*WHAT TO WORK ON*
Give again, word for word, every line in the entries below from the line with "Joan Marsh, foto pubblicitaria" up to and including the line with "This is an arial", and no other line.

*RECORDS SHOWN*
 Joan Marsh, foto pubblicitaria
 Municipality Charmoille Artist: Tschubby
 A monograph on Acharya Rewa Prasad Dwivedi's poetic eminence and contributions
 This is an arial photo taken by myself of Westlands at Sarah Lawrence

==

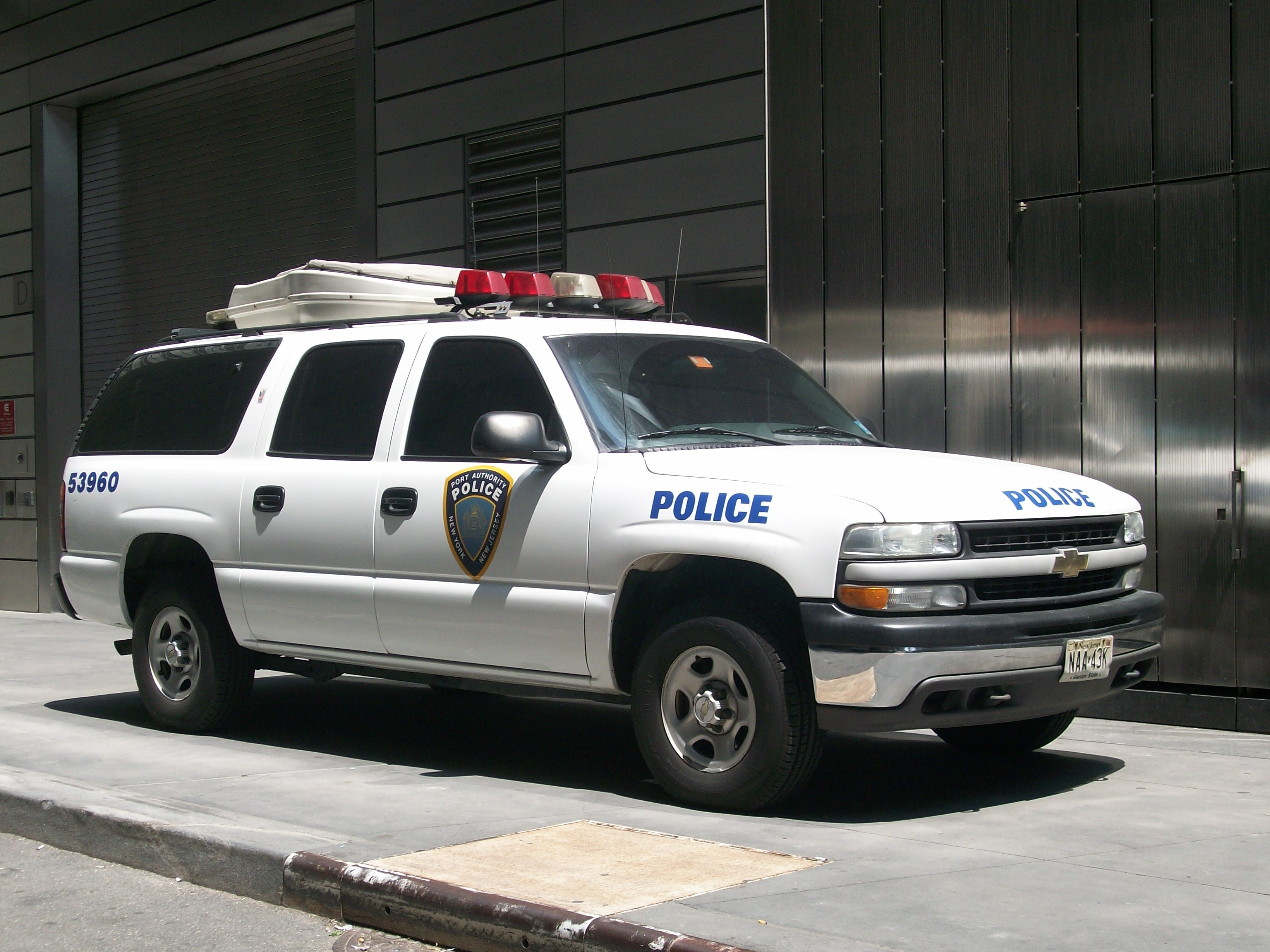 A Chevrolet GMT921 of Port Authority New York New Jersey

* * *

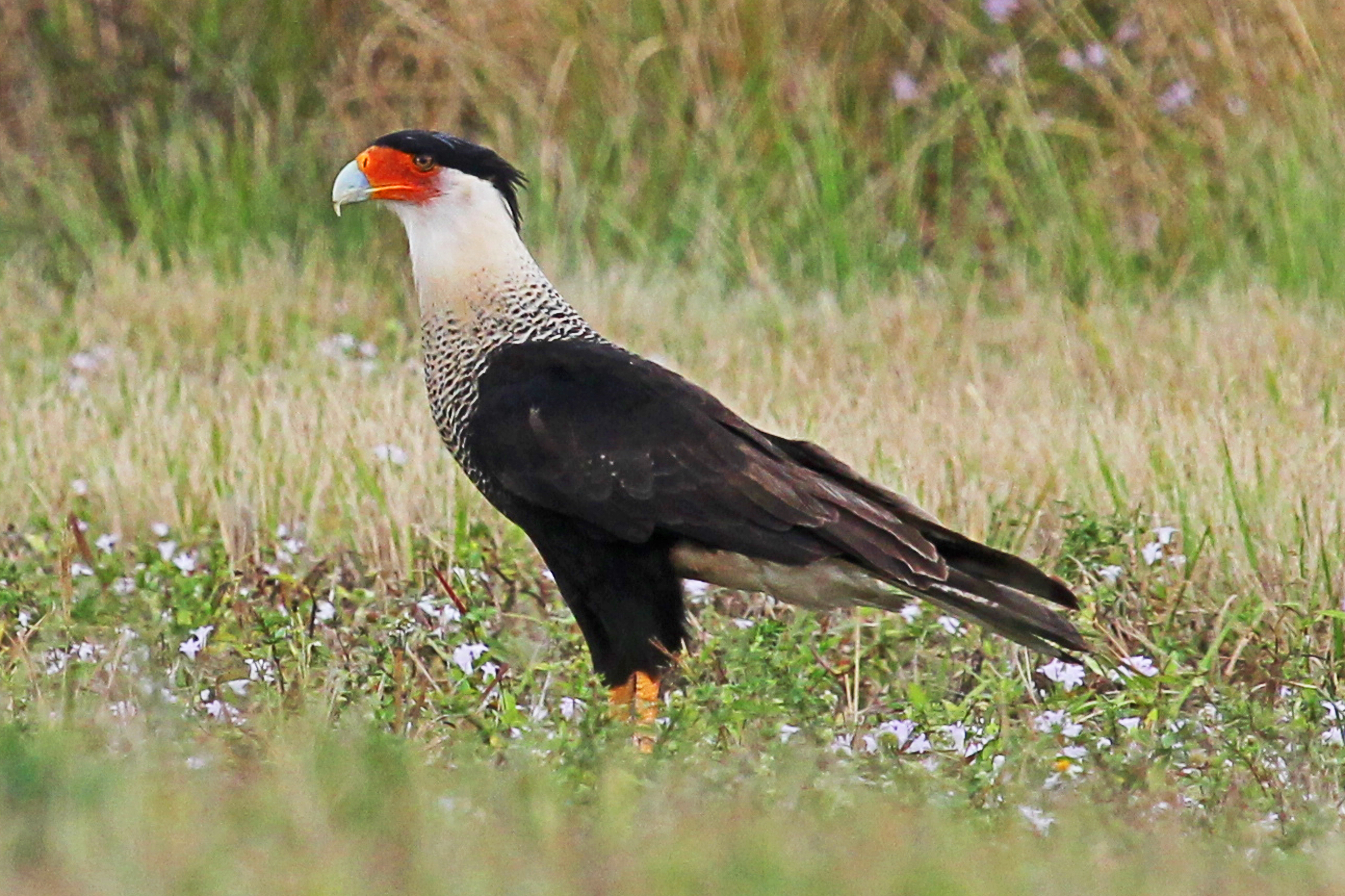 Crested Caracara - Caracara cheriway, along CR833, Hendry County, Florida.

*ANSWER SECTION*
 Joan Marsh, foto pubblicitaria
 Municipality Charmoille Artist: Tschubby
 A monograph on Acharya Rewa Prasad Dwivedi's poetic eminence and contributions
 This is an arial photo taken by myself of Westlands at Sarah Lawrence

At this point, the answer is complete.